Depois de um intenso debate e muita pressão da sociedade, no último dia 30 a Câmara fez várias mudanças e aprovou o projeto, retirando seis das dez propostas apresentadas pelo MP.
Na decisão, Fux disse que o projeto deveria ter sido apresentado como proposta de iniciativa popular, pelo fato de ter sido protocolado com apoio de mais de 2 milhões de pessoas. Mas o protocolo do projeto na Câmara foi feito em nome dos deputados Antonio Carlos Mendes Thame (PV-SP), Diego Garcia (PHS-PR), Fernando Francischini (SD-PR) e João Campos (PRB-GO).
Outra ação estranha na decisão do ministro é que ele foi além do que solicitou a ação original de Eduardo Bolsonaro, que pedia somente a anulação da votação na Câmara que inseriu novas punições por abuso de autoridade para magistrados.
“A princípio, a decisão do ministro Fux questiona a autoria do projeto de lei, dizendo que nós registramos de autoria de um deputado e não de iniciativa popular. E outro [ponto é] que incluímos matéria estranha ao texto, como se não pudéssemos emendar a matéria. Isso significa que, se ele tiver razão, a Lei da Ficha Limpa passaria a não ter valor, porque foi de iniciativa popular e foi tratada da mesma forma”, disse Rodrigo Maia, presidente da Câmara, informando que a assessoria jurídica da Casa está analisando o caso.
Até o também ministro Gilmar Mendes reagiu à decisão de Fux. Para Mendes, impor ao Congresso que aprove um texto sem fazer alterações é o mesmo que fechar o Legislativo. “É um AI-5 do Judiciário”, disse ele, em referência ao Ato Institucional número 5, que, em 1968, suspendeu garantias constitucionais no país. Para ele, o Supremo caminha para o “mundo da galhofa”.
“Dizer que o Congresso tem que votar as propostas que foram apresentadas e só? Então é melhor fechar o Congresso logo e entregar as chaves. (…) Entrega a chave do Congresso ao [coordenador da força-tarefa da Lava Jato Deltan] Dallagnol. Isso aí é um AI-5 do Judiciário. Nós estamos fazendo o que os militares não tiveram condições de fazer. Eles foram mais reticentes em fechar o Congresso do que nós”, afirmou Gilmar Mendes ao Estadão.

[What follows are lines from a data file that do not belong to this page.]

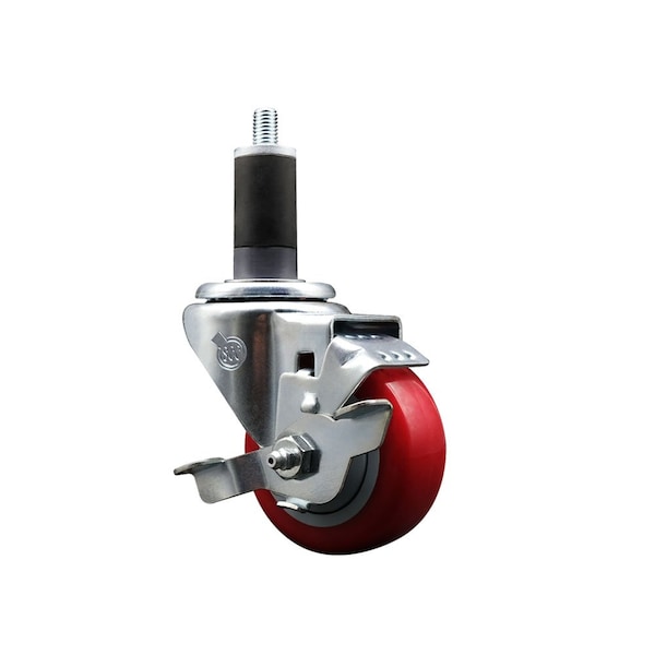 3'' Red Poly Swivel 1-1/4'' Expanding Stem Caster with Brake
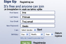 V spodnjem desnem kotu je tako imenovan Sign up obrazec. Izpolnite potrebne podatke (ime, priimek, e pošto, geslo, spol, datum rojstva), pritisnite Sign up (registracija), vpišite dane črke in številke, še enkrat pritisnite gumb Sign up (registracija) ter sekundo počakajte.
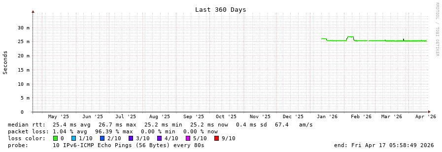 18 > lil2-gra.smokeping.ovh.net (2001:41d0:302:1000::18:665e) [AS16276] 25.447ms 25.167ms 25.035ms
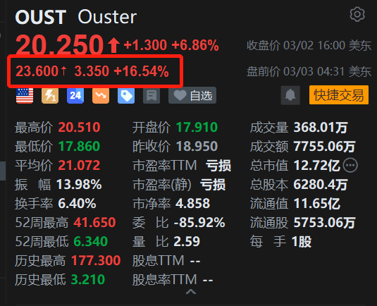激光雷达制造商Ouster(OUST.US)盘前涨16.5%报23.6美元。消息上,Ouster报告称2025年第四季度每股摊薄收益为0.06,而一年前则亏损0.48。截至12月31日的三个月内,公司收入为6,220万,高于一年前的3,010万。对于26年第一季度,Ouster公司预计收入在4,500万至4,800万之间。分析师预计收入为4,270万。(格隆汇)
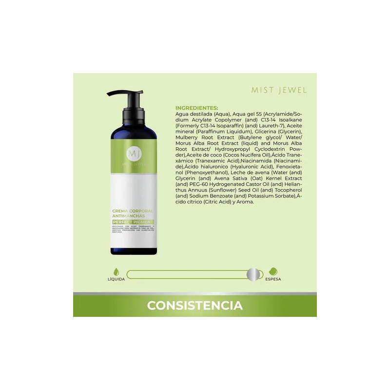 MIST JEWEL Crema Corporal Desmanchante e Hidratante Perfect Pigment con Ácido Tranexámico y Mulberry | Desvanece Manchas, unifica el tono y Aclara la Piel, ideal para zonas intimas, axilas codos 250ml
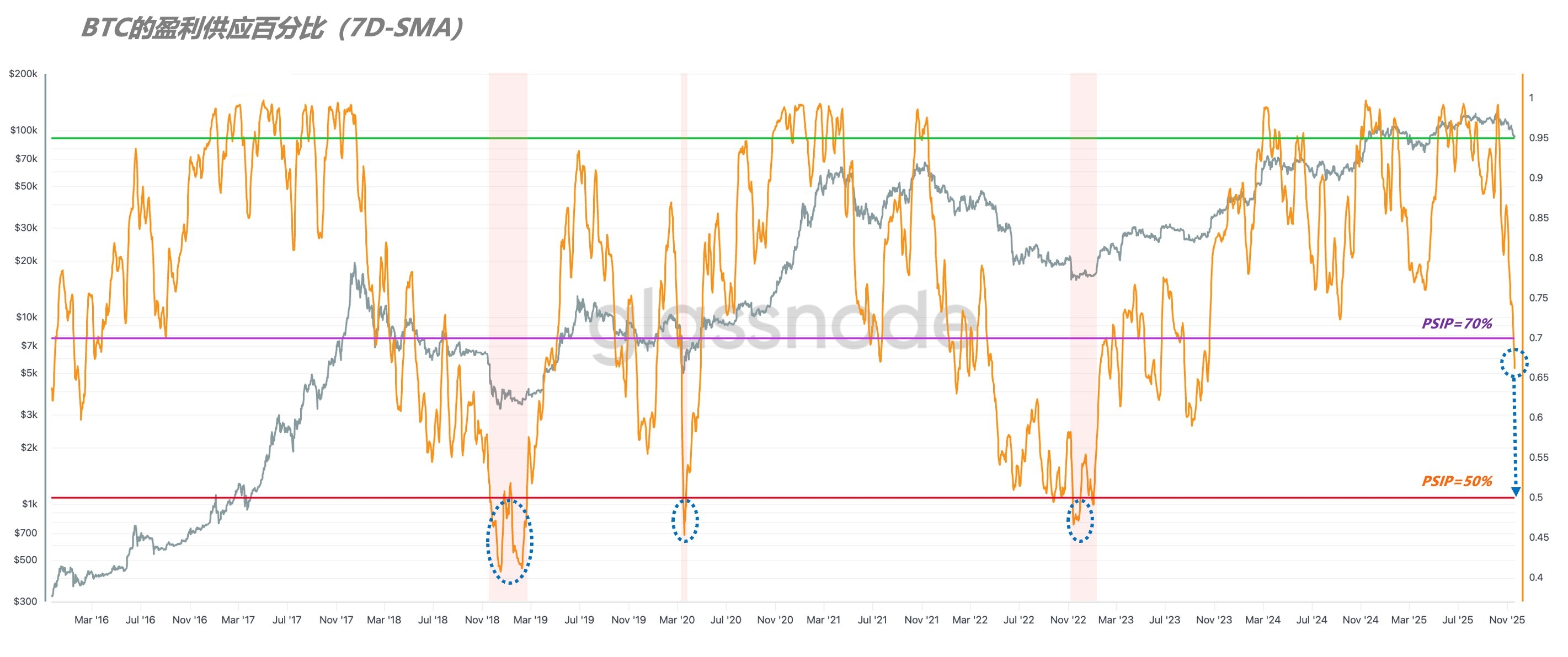 圖表顯示,PSIP低於 50% 的時刻,往往意味着盈利盤已被充分擠壓,市場情緒進入深度悲觀區,這些時間點幾乎都對應着極具性價比的長期買入機會。
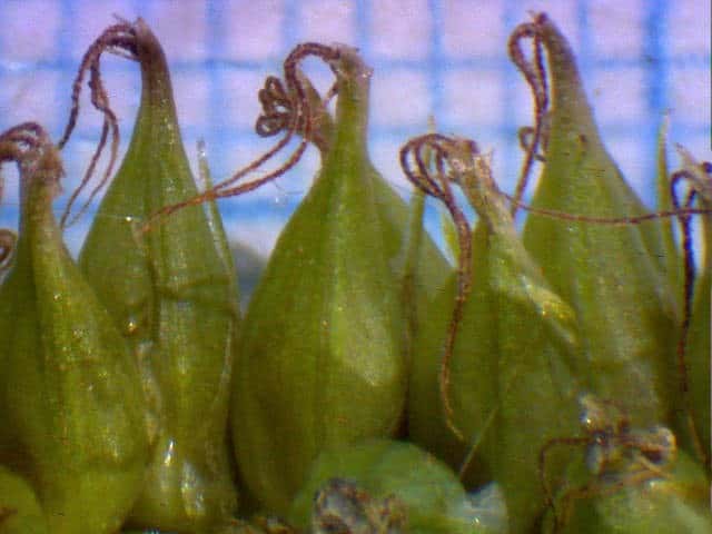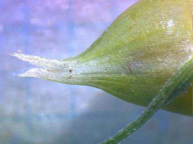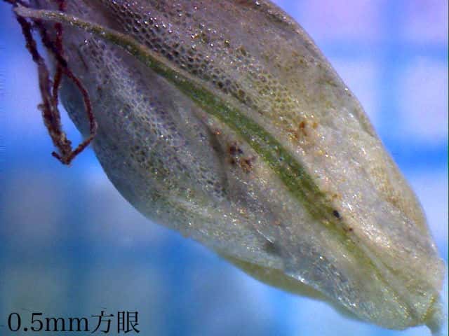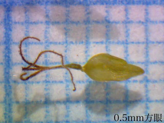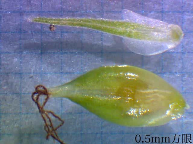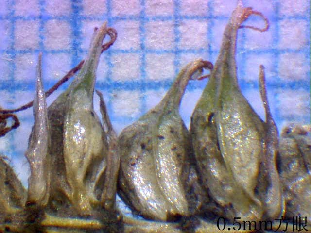| ▼柱頭が3岐する。(乾燥した標本) | ▼果実は3稜があり長さ約1.5mm。 | ▼果胞は長さ約3.5mm。 |
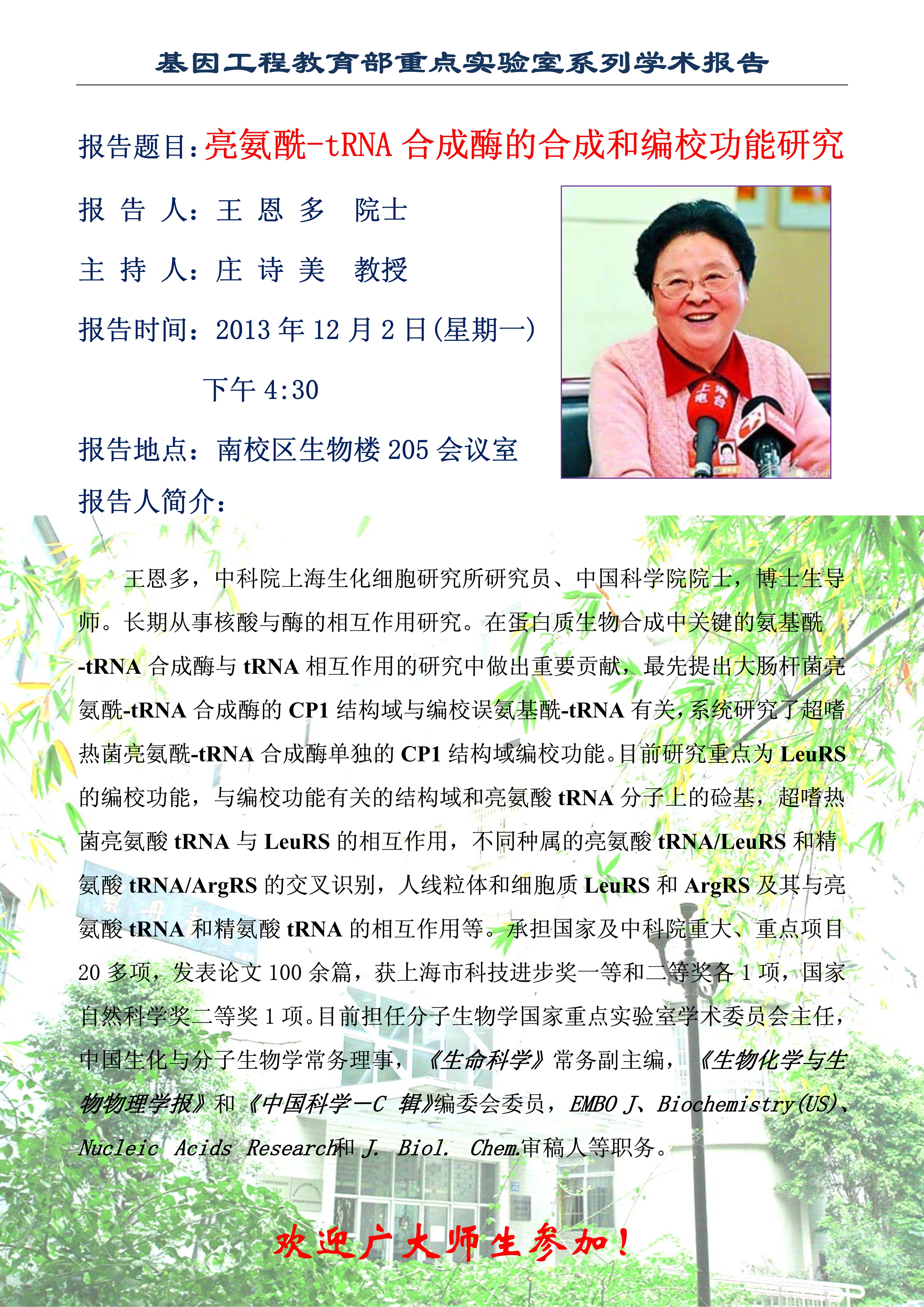 欢迎参加12月2日王恩多院士学术报告
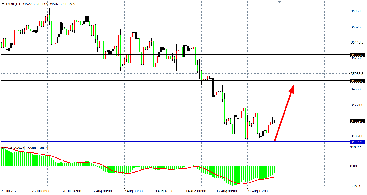 4小时图看,道指再度延续在34300之上震荡运营,MACD维持在零轴下,行情出现短暂支撑,关注下方34300一线,阻力依旧关注34780-35000。
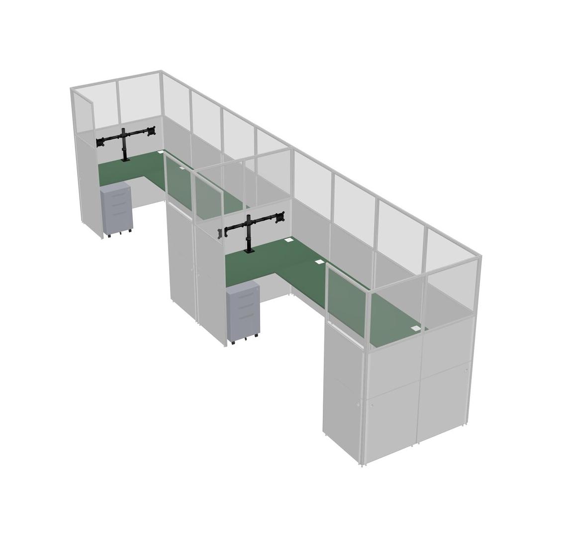 Green U-shaped Panel System For 2 Person + Monitor Arm (double Arms) + Metal Mobile Drawers For 2 User(s)
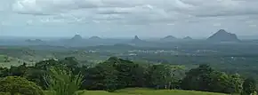 The Glass House Mountains are a group of dome shaped hills and conical peaks rising sharply above the surrounding sub-coastal lowlands.[4] They are the remnants of rhyolite and trachyte volcanic plugs and are located in southeast Queensland 65–75 kilometres (40–47 mi) north of Brisbane and west of the townships of Glass House Mountains and Beerburrum.[3]
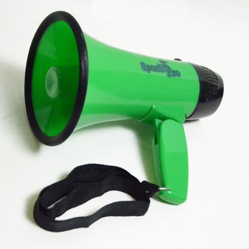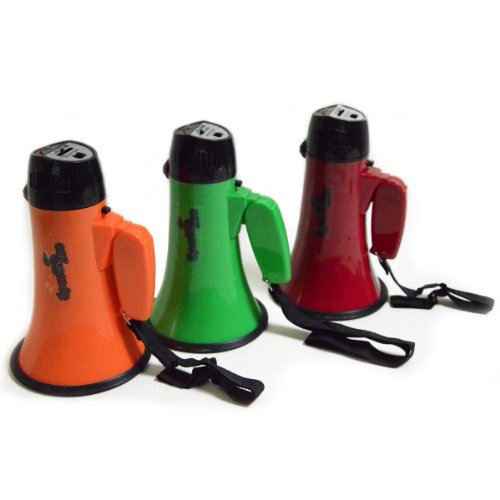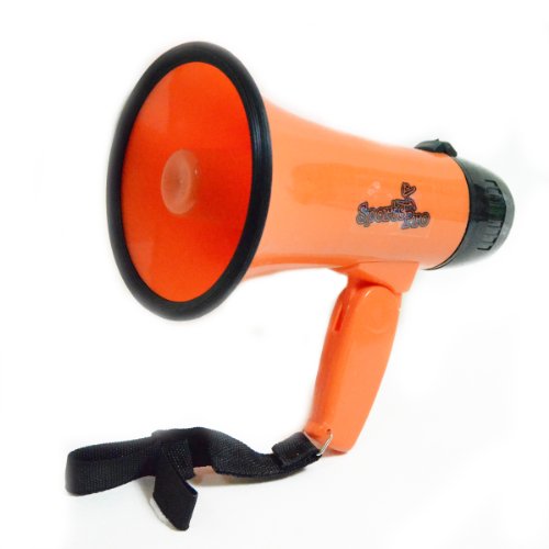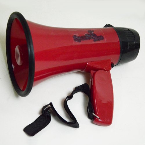 Studio : Sports Pro Publisher : Sports Pro Binding : Toy Product Description Amplify your voice cord-free and with clarity with this lightweight device. This megaphone also includes a siren sound. Projects voice up to 200 yards. It's lightweight and portable, perfect for meetings, assemblies, propaganda...etc. Bigger in size than model MG-212 0
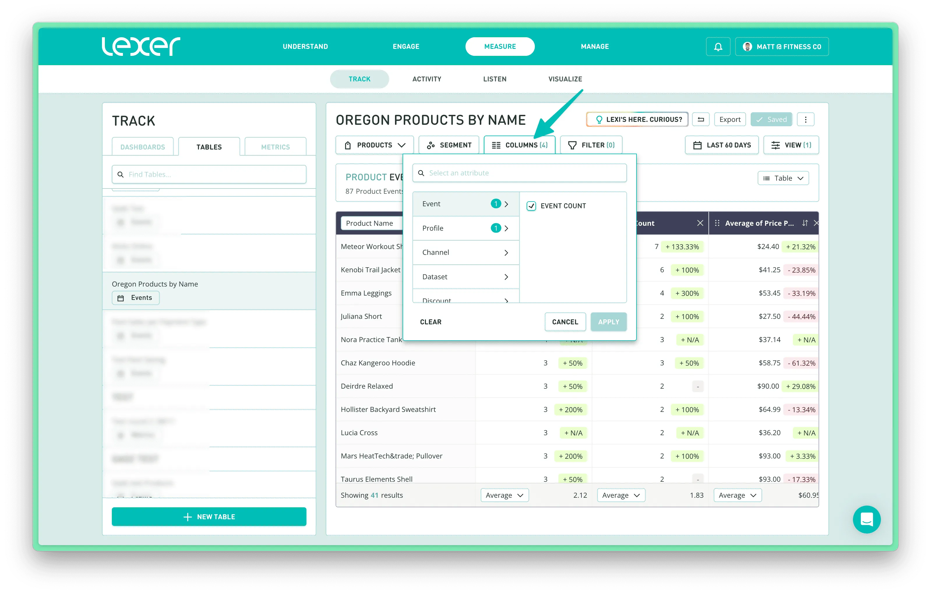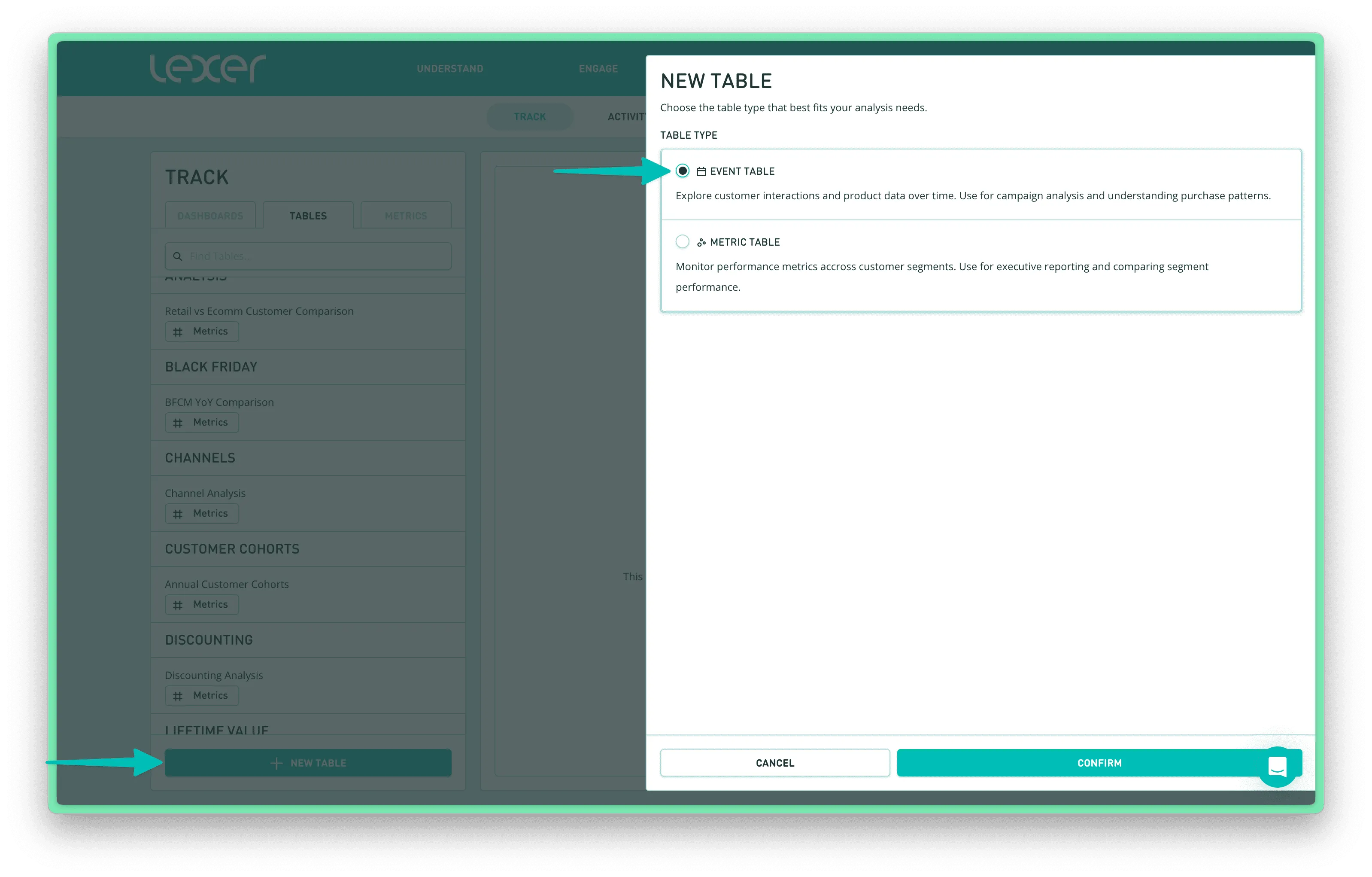 Event Tables live in Lexer Track, right alongside your Metric Tables, with a few key differences:

E completa: “Vivemos momentos esquisitos. A toda hora é um surto decisório que não corresponde às nossas tradições. Em geral éramos árbitros em processos de conflito e não atores ou causadores de conflitos. Então acho que nós temos que refletir muito sobre isso e respeitar a harmonia e independência entre poderes”.